The mobility of the handheld device is made possible through the use of one or more battery sources. Battery sources may be rechargeable or capable of only a single use. To maximize the time between each charge or between replacement of single use batteries (collectively, “time between charges”), handheld devices are built using power efficient components to reduce net power consumption.
One prior art solution that attempted to lengthen the time between each charge relied on the use of highly optimized processors designed to perform one or more specific tasks or portions of tasks. However, by incorporating highly optimized processors, designers limited the handheld device's ability to efficiently distribute a given task among multiple processors (e.g., load balancing).

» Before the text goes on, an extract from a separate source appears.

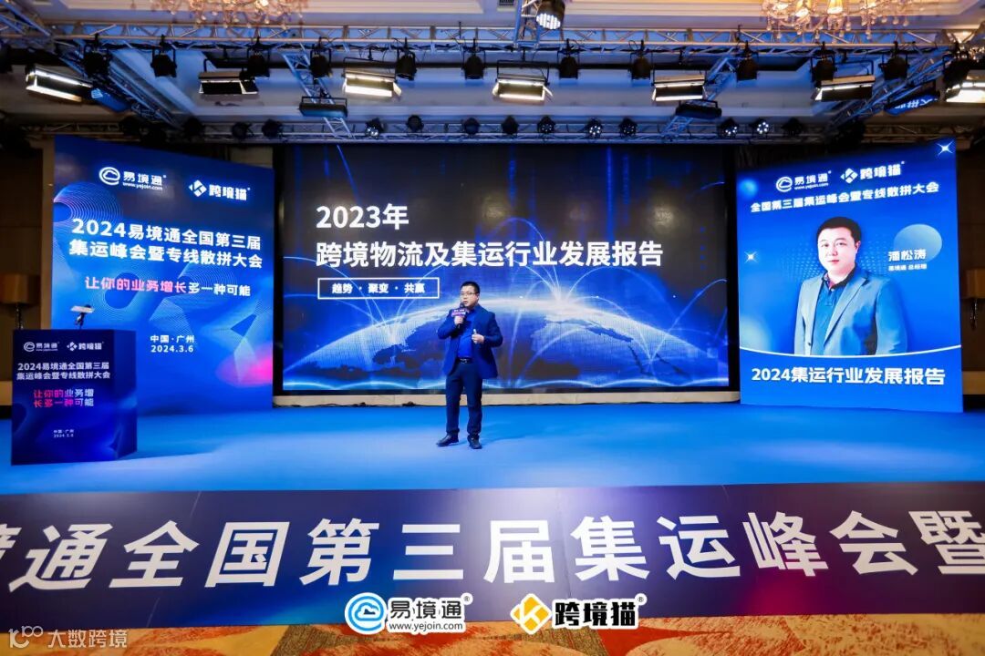 首先,由易境通总经理潘松涛先生发表了题为《2024集运行业发展报告》的演讲,为集运行业的同仁们带来了深刻的思考与前瞻性的指导。他凭借2023年的市场数据,全面剖析了行业的当前状况,并对行业未来的发展趋势和潜在增长点进行了精准预测。这份报告不仅展现了深厚的行业洞察力,更揭示了集运行业的未来增长契机与创新的营销策略,为行业的未来发展提供了极具价值的参考与启示,引发了现场与会者的热烈反响与深度思考。

Other prior art solutions added power conservation mechanisms designed to put one or more components of the handheld device into a “low power mode” based on user input (e.g., when a user manually selects a low-power mode) or through an automatic feature (e.g., when the battery capacity falls below a certain threshold). These mechanisms typically shut down one or more components in the device, shut down one or more functional blocks of components in the device, lower the voltage supplying the device and its components (e.g., powering off one or more voltage islands), slow clock frequencies, or any combination thereof.
The above-mentioned solutions do not, however, fully consider the flexibility and ability of processing elements to process different types of tasks and portions thereof. Nor do the above-mentioned solutions consider power source or battery behavior to more selectively support tasks commonly performed on computer systems or handheld devices. Accordingly, a need exists for performing tasks on a computer system in a more efficient manner thereby reducing net power consumption. A further need exists to more efficiently execute tasks on a battery-powered computer system such that the operating time on a single battery charge is maximized.